Racial Self-Classification, Group Consciousness, and Public Employment Representation
Diogo Baerlocher and
Rodrigo Schneider
No 2025-04, Working Papers from University of South Florida, Department of Economics
Abstract:
This paper examines how racial self-classification among elected officials influences public sector hiring in Brazil. We focus on misaligned white candidates - those who self-identify as white but are unlikely to be classified as such by facial classification algorithms - and exploit close electoral races for municipal councils using a regression discontinuity design. Narrow victories by these candidates reduce the share of nonwhite hires in municipal legislative offices by approximately 20% relative to the average. The effect appears in the public sector but not in the private sector, and is more pronounced among temporary workers, over whom elected officials have greater hiring discretion.

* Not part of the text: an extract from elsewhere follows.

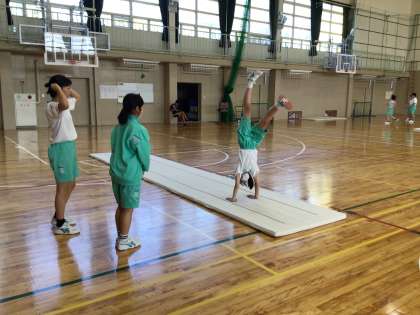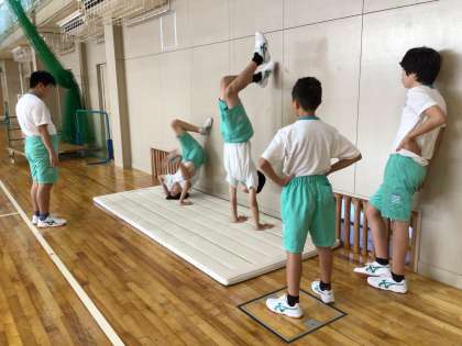 今日の体育の授業では、マット運動を行いました。実技テスト前、最後の練習をする時間でした。大技の前方倒立回転跳びをひたすら練習する生徒たちの姿が見られました。前回の体育の授業のときに失敗していた生徒が今日の授業では、何度も成功させている姿が印象的でした。他にも、できない技をできるようになりたいという一心で壁倒立に何度も挑戦する生徒の姿は元気がもらえました。練習の成果が発揮できるのか、次の体育の授業が楽しみです。

A decomposition by counterfactual type suggests the effect is driven by differences among white-identified candidates rather than by the displacement of nonwhite officeholders. Our findings are robust to propensity score matching, an ex ante candidate selection strategy that addresses order-statistics bias in multi-member elections, and a range of alternative specifications.
Keywords: Racial classification; Political representation; Phenotypic discrimination; Public employment (search for similar items in EconPapers)
JEL-codes: D63 H83 J15 (search for similar items in EconPapers)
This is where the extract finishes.